You may remember those nasty Varroa mites that live on the bees and in the brood, weakening them and making them susceptible to disease and colony decline. I treated the bees with strips impregnated with medication in the Autumn but that doesn’t kill the mites living in the capped brood cells. When the brood emerge, so too do the new Varroa mites, and the cycle starts again. So, today with the hive having either no or very little brood it was time to treat the bees with Oxalic acid.
This is a highly effective treatment against Varroa with a 90% efficiency. However, it will not penetrate the brood capping, hence doing it at the most broodless time. Vaporised Oxalic acid is not toxic to bees but is highly toxic to Varroa mites and to beekeepers!
Having seen a demonstration of how to vaporise Oxalic acid at one the East Lothian Beekeepers Association meetings, my friend Fraser and I borrowed their equipment and arranged to meet up today to treat my hive, and then to treat his hives.

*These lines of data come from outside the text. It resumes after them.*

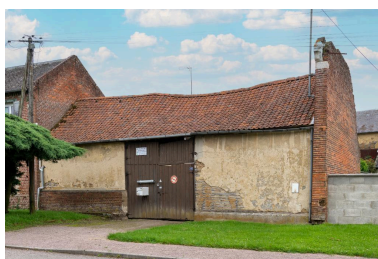
Grange sur rue d'une ancienne ferme, n°40 rue Principale, vue depuis l'est.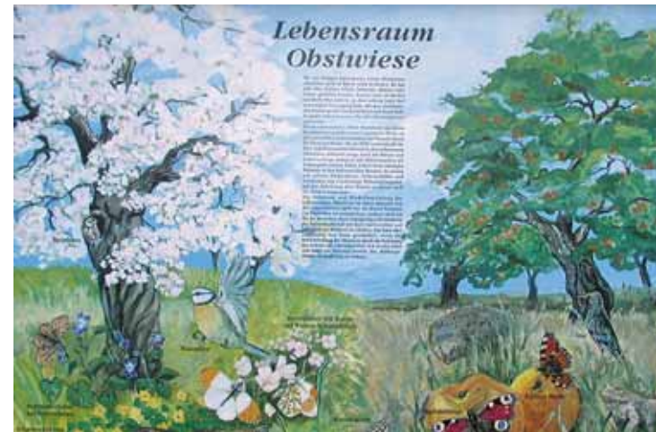
Struktur- und artenreicher Lebensraum: Die Streuobstwiese

„Die Baumzucht verschafft denjenigen, die sich damit bemühen, einen angenehmen Teil ihrer Nahrung. Sie gereicht zur Zierde eines Landes, zur Reinigung der Luft, zum Schutz und Schatten und hat überhaupt in vielen anderen Dingen ihren trefflichen Nutzen“ (Johann Kaspar Schiller, 1776)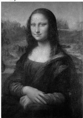
Leonardo da Vinci: Mona Lisa (korabeli festmény)

(Mona Lisa feltehetőleg egy firenzei polgár felesége volt.)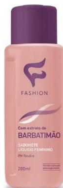
9371- Sabonete fem. 200ml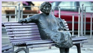
4. Estatua de Rosa Chacel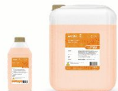
НЕЙТРАЛЬНОЕ СРЕДСТВО ДЛЯ МЫТЬЯ ПОЛА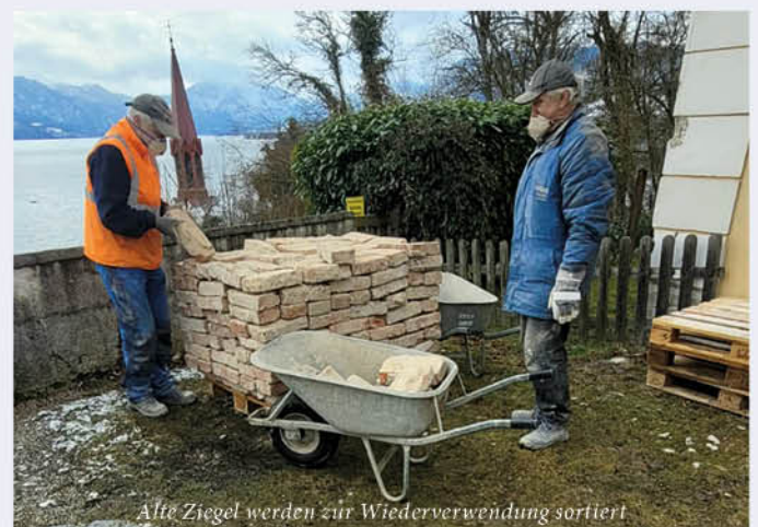
Alte Ziegel werden zur Wiederverwendung sortiert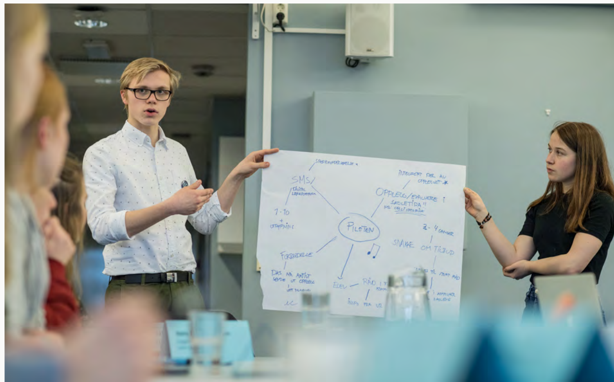
Det nyetablerte Ungdomsrådet i full sving under ein workshop i Kulturtankens KunstLab.

Ungdomsrådet har i 2018 hatt fire ordinære møte. I tillegg har delar av Ungdomsrådet hatt eit arbeidsmøte i tilknytning til konferansen om elevmedverknad i Bergen 7. september. Tre representantar frå Ungdomsrådet deltok og bidrog òg under konferansen om elevmedverknad i Bergen 26. og 27. september 2018. På møta har Ungdomsrådet arbeidd med elevmedverknad i Den kulturelle skulesekken og utarbeidd forslag til pilotar om elevmedverknad i DKS. Rådet har òg arbeidd med og førebudd si eiga involvering i konferansen om elevmedverknad, gitt tilbakemelding på tilskotsmottakarane sine forslag til pilotar på elevmedverknad i skuleprosjektet og gitt innspel til kulturarv og involvering i Arena kulturarv.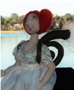
A semeadora de Chuvas Die Regen Säfrau The Rain Sower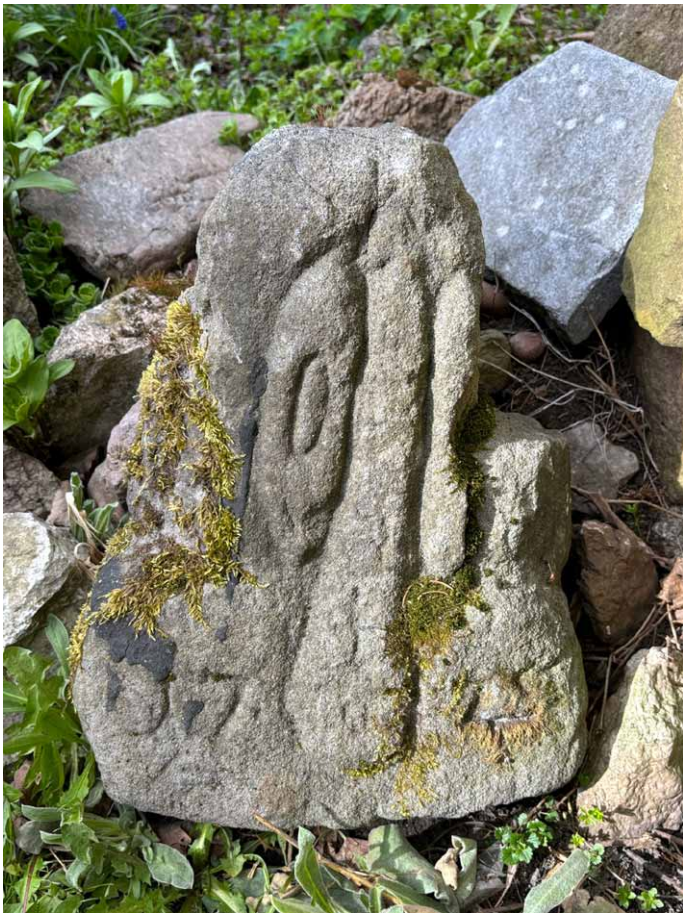
Jeden z kamieni w ogródku skalnym.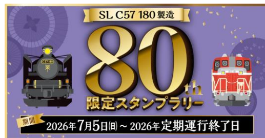
専用スタンプ帳ラベル

アンケートスタンプ（アプリ内回答で自動付与）の3種類すべてを取得すると自動付与。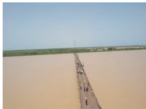
Lancement des travaux de construction du pont de Rosso entre le Sénégal et la Mauritanie

Par ailleurs, dans le cadre de la modernisation de notre capitale et de l’amélioration de la mobilité urbaine, les réalisations suivantes ont été enregistrées :

Firstly, Fraser and I read the instructions carefully! I blocked the entrance so no bees could escape. I then inserted a solid board below the open mesh to create a floor. I removed the fondant from the top and plugged the hole with some foam. We put on our protective equipment and I inserted the crucible on the new floor, plugged the gap with moist foam, linked the crucible to the battery and vaporised the acid. This was done for 2.5 minutes, disconnected from the battery and the crucible left in the hive for a further 2 minutes and then finally, the crucible was removed and dipped in a bucket of cold water to cool, with the hive remaining closed for a further 10 minutes to allow the vapour to act on the Varroa mites. When time was up, I removed the foam and the solid board floor, reinserted the Varroa count sheet and reopened the entrance.
I will return in a week and count the Varroa drop on the count sheet. I’m hoping any Varroa not killed in Autumn will now be dead and the bees can look forward to a healthy start to the spring.
We then headed off to Fraser’s apiary and repeated the procedure. I’m glad to say no bees or beekeepers were harmed in the vaporising!
A big thank you goes to Stuart for pulling the trolley with the equipment and a very heavy battery, to Fraser for suggesting we treat the bees this weekend and for his help with the process and to the East Lothian Beekeepers Association for their advice and loan of the equipment.